Product Security Architect

Product Security Architect

Replit is the agentic software creation platform that enables anyone to build applications using natural language. With millions of users worldwide, Replit is democratizing software development by removing traditional barriers to application creation.

We are looking for a Product Security Architect to serve as the subject matter expert for Replit's secure product blueprint. In this critical role, you will define and implement the application security architecture for our multi-tenant SaaS platform, ensuring our platform is resilient and secure by design. You will be a key technical contributor—leading high-impact security initiatives and providing deep subject matter expertise to both the engineering organization and executive leadership.

Product Security Strategy & Mentorship

• Security Mentorship: Serve as the primary security mentor and subject matter expert for engineering teams, fostering a culture of technical excellence and rigorous security design.

• Product Vision: Define the product security vision, ensuring consistency across complex application architecture projects.

• Project Execution: Lead the security implementation of new product features from initial design to final production deployment.

• Threat Modeling: Conduct proactive threat modeling for new product features and major architectural changes.

• Application Security Design: Define and enforce best practices around application security, including audit/application logging, configuration, tenant separation, encryption, customer BYOK, RBAC design, API design, and Session/cookie/token management.

• Identity & Access: Define and implement secure Authentication/Authorization protocols (mTLS/OIDC/OAuth/SAML) for multi-tenant SaaS products.

• Third-Party Risk: Assess and mitigate risks associated with application third-party integrations such as payment, AI models, code repositories, etc.

• Code Review: Apply a strong programming background (Python/Go/JavaScript) to perform hands-on code reviews when needed to validate security controls.

Risk Management & Cross-Functional Enablement

• Maintain the Source of Truth: Define and maintain (document) the authoritative "Source of Truth" for Replit's secure architecture, ensuring these patterns are consistently adopted across all engineering teams.

• Contribution to Risk Register: Actively identify, document, and quantify architectural security risks. You will be responsible for ensuring these are accurately reflected in the Cybersecurity Risk Register.

• Security Team Support: Support other security teams like GRC, Pentesting, Vulnerability Management, and PSIRT.

• Compliance & Documentation: Partner with GRC teams to translate complex architectural designs into clear, audit-ready documentation and control frameworks.

• GTM & Sales Support: Act as the technical bridge for the Sales team, addressing complex security inquiries from enterprise customers regarding Replit's architectural integrity.

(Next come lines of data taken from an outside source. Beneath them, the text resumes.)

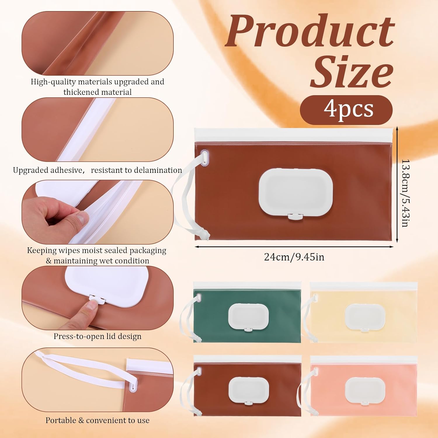 4PCS Reusable Baby Wipes Dispenser, One Press Open Refillable Baby Wet Wipes Pouch Container Wet Wipe Holder for Diaper Bag Leak Proof Refillable
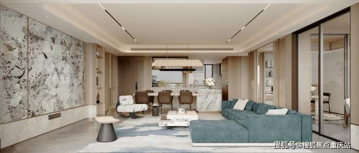 全屋色调雅致温馨,多种材质搭配和谐。软装设计搭配皮革、木质、岩石、贵金属,运用不同材质的交叠,与空间体量呼应。
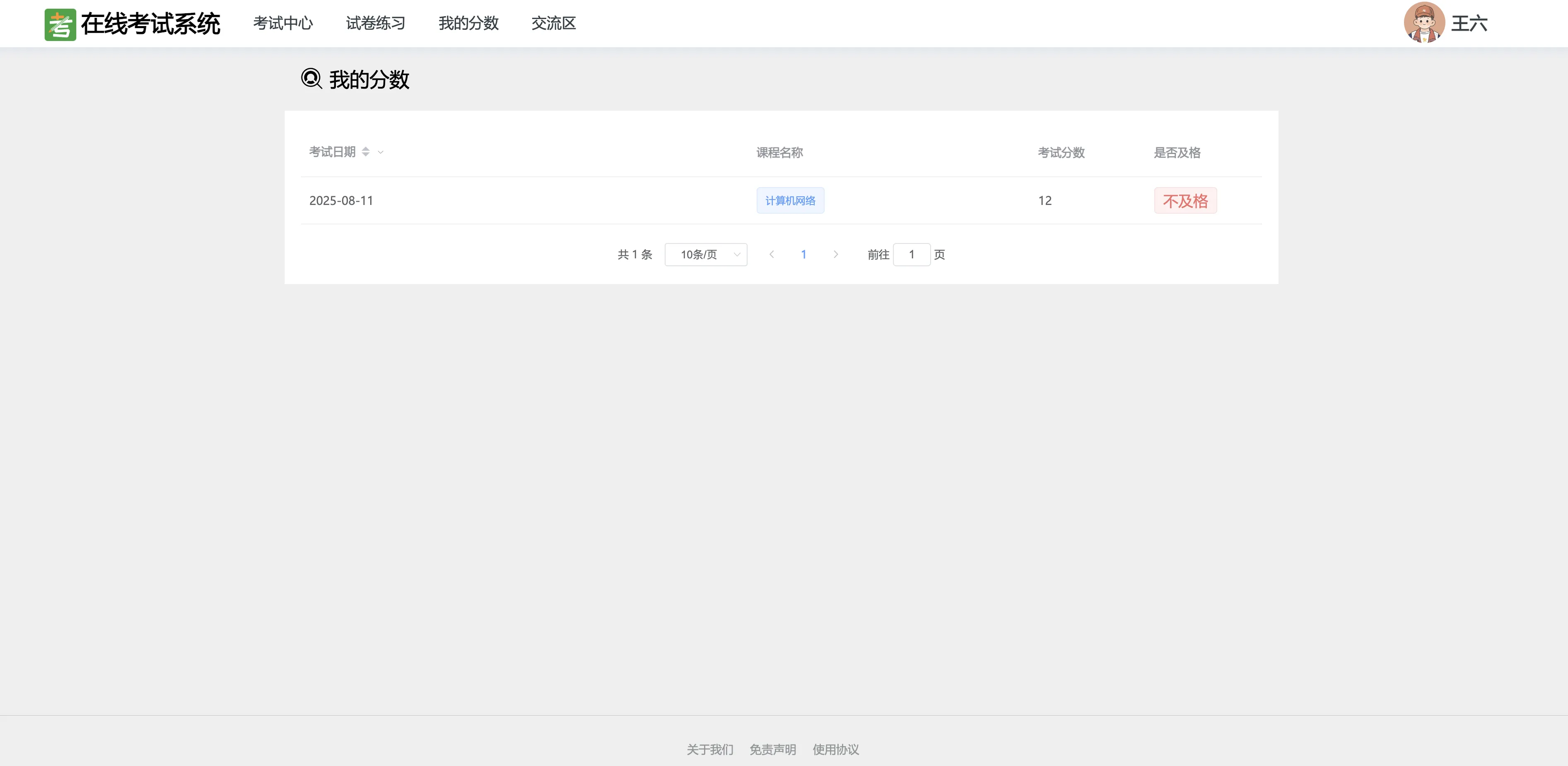 - 我的分数: 查看个人历史考试成绩,支持分页查询。

Required Skills & Experience

• 8+ years of experience in product security engineering or architecture, specifically with Multi-tenant SaaS products.

• Experience with AI Agent-based Saas products is a plus.

• Deep expertise in common product security practices (e.g., tenant separation, RBAC, BYOK, secure API design, session/token management).

• Expertise in Authentication/Authorization protocols (mTLS/OIDC/OAuth/SAML) in a multi-tenant SaaS environment.

• Strong programming background (Python/Go/JavaScript) with proven ability to conduct code review.

• Experience writing and maintaining Architecture documents.

• Exceptional ability to communicate technical risk to both engineering and executive audiences.

• Strong track record of contributing to Cybersecurity Risk Register.

What We Value

• Systems Thinking: The ability to see the "big picture" and understand how security decisions impact the entire stack.

• Technical Influence: The ability to drive technical alignment across the organization through expertise and collaboration rather than direct authority.

• Autonomy: Comfortable leading major technical initiatives and driving outcomes with minimal oversight.

• Problem-Solving Mindset: A passion for breaking down complex security challenges into elegant, scalable engineering solutions.

This is a full-time role that can be held from our Foster City, CA office. The role has an in-office requirement of Monday, Wednesday, and Friday.

Full-Time Employee Benefits Include:

• Competitive Salary & Equity
• 401(k) Program with a 4% match (US Only)
• Health, Dental, Vision and Life Insurance
• Short Term and Long Term Disability
• Paid Parental, Medical, Caregiver Leave
• Flexible Time Off (FTO) + Holidays
• Commuter Benefits (In-Office Only)
• Monthly Wellness Stipend
• Autonomous Work Environment
• In Office Set-Up Reimbursement (In-Office Only)
• Quarterly Team Gatherings
• In Office Amenities (In-Office Only)

Want to learn more about what we are up to?

• Meet the Replit Agent
• Replit: Make an app for that
• Replit Blog
• Amjad TED Talk

Interviewing + Culture at Replit

• Operating Principles
• Reasons not to work at Replit

To achieve our mission of making programming more accessible around the world, we need our team to be representative of the world. We welcome your unique perspective and experiences in shaping this product. We encourage people from all kinds of backgrounds to apply, including and especially candidates from underrepresented and non-traditional backgrounds.